World View Views – Part 5

The following are seven world views found in art and literature:

Theism: God is personally involved with humankind.  Theism argues that the universe is a purposive, divinely created entity.  It argues that all human life is sacred and all persons are of equal dignity.  They are, in other words, created in the image of God.  History is linear and moves toward a final goal.  Nature is controlled by God and is an orderly system.  Humanity is neither the center of nature nor the universe, but are the steward of creation.  Righteousness will triumph in a decisive conquest of evil.  Earthly life does not exhaust human existence but looks ahead to the resurrection of the dead and to a final, comprehensive judgement of humanity (adapted form Carl F. H. Henry, Toward a Recovery of Christian Belief).  This is the only viable world view until the Renaissance.  Examples: Homer, Virgil, C. S. Lewis, A. J. Cronin, Tolkien.

Deism: God was present, but is no longer present.  The world is like a clock wound up by God many years ago but He is now absent. The clock (i.e., the world) is present; God is absent.  Still, though, Deism embraced a Judeo-Christian morality.  God’s absence, for instance, in no way mitigated His importance to original creation.   He was also omnipotent, but not omniscient.  His absence was His decision.  He was in no way forced to be absent from=2
0the world.  He chose to assume that role so that Socratic empiricism and rationalism could reign as sovereign king.  Speculative Theism replaced revelatory biblical Theism.   Once the Living God was abandoned, Jesus Christ and the Bible became cognitive orphans (Carl H. Henry).   Examples: Ben Franklin, Thomas Jefferson.

Romanticism: Once Americans distanced themselves from the self-revealing God of the Old and New Testaments, they could not resist making further concessions to subjectivity.  Romanticism, and its American version, Transcendentalism,  posited that God was nature and “it” was good.  The more natural things were, the better.   Nature was inherently good.  Nature alone was the ultimate reality.  In other words, nature was the Romantic god.   Man was essentially a complex animal, too complex to be controlled by absolute, codified truth (as one would find in the Bible).  Human intuition replaced the  Holy Spirit.  Depending upon the demands on individual lives, truth and good were relative and changing.  Romanticism, however, like Deism, had not completely abandoned Judeo-Christian morality.  Truth and the good, although changing, were nonetheless relatively durable.    Examples: James Fenimore Cooper, Goethe.

Naturalism: If God exists, He is pretty wimpish.
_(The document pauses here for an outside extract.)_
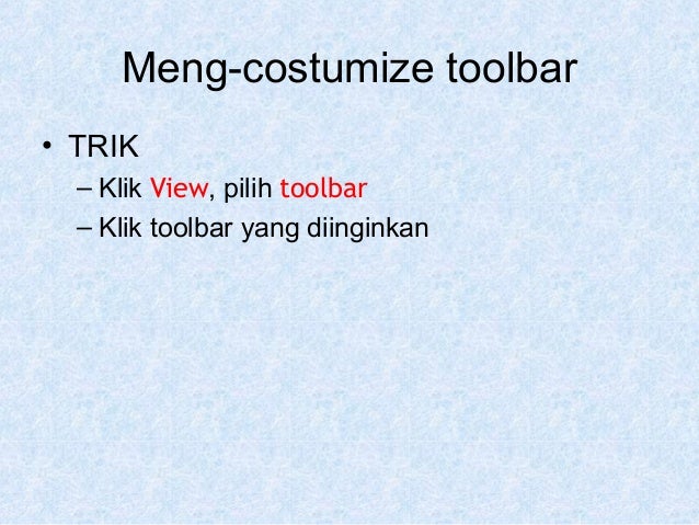 - 34. Meng-costumize toolbar • TRIK – Klik View, pilih toolbar – Klik toolbar yang diinginkan
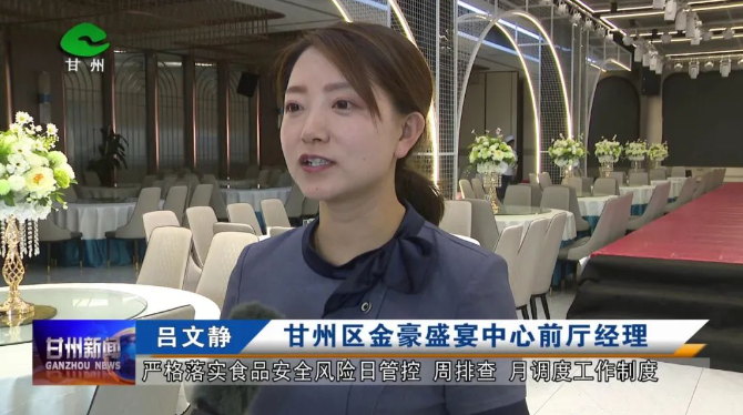 記者在甘州區(qū)金豪盛宴中心看到,店內(nèi)的餐具、器皿、桌布、椅套等擺放有序,食品安全標(biāo)語標(biāo)牌隨處可見。

Only the laws of nature have any force. God is either uninterested or downright mean.  All reality was reducible to impersonal processes and energy events (Carl F. H. Henry).  All life, including human life, was transient.  Its final destination was death.  Truth and good, therefore, were also transient.  They were culture-conditioned distinctions that the human race projected upon the cosmos and upon history (Carl F. H. Henry).    This maturation, as it were, of the human race, necessitated a deliberate rejection of all transcendentally final authority.   Examples: Joseph Conrad, Stephen Crane.

Realism: Akin to Naturalism is Realism.  Reality is, to a Realist, a world with no purpose, no meaning, no order. Realism insists that personality has no ultimate status in the universe, but is logically inconsistent when it affirms an ethically imperative social agenda congruent with universal human rights and dignity.   Realism, then throws around terms like “dignity” and “human rights” and “power.”  What Realists mean, however, is that these concepts are real when they fulfill a social agenda that enhances human dominance over the universal.  Thus, Realism believes in  a world where bad things happen all the time to good people.  Why not?  There is no God, no ontological controlling force for good.  The world is a place where the only reality is that which we can experience, but it must be experience that we can measure or replicate.  Certainly pain and misery fit that category.   If an experience is a unique occurrence (Example: a miracle) it is not real.  Examples: Ernest Hemingway, F. Scott Fitzgerald.  

Absurdism: A modern movement where there is neither a god, nor any reason to have one.  Everything is disorganized, anarchy rules.   There is a compete abandonment of explaining the cosmos and therefore an abandonment of being in relationship with the deity.  It is not that Absurdists are unsure about who creates everything, or in control of everything.  Absurdists simply do not care one way or the other.   Examples: John Barth, Kurt Vonnegut, Jr.  

Existentialism: The submergence of God in overwhelming data and in experience is the first step toward putting God out to die.  Truth is open to debate.  Everything is relative.  A very pessimistic view. Examples, Albert Camus, Franz Kafka, and Jean Paul Sartre.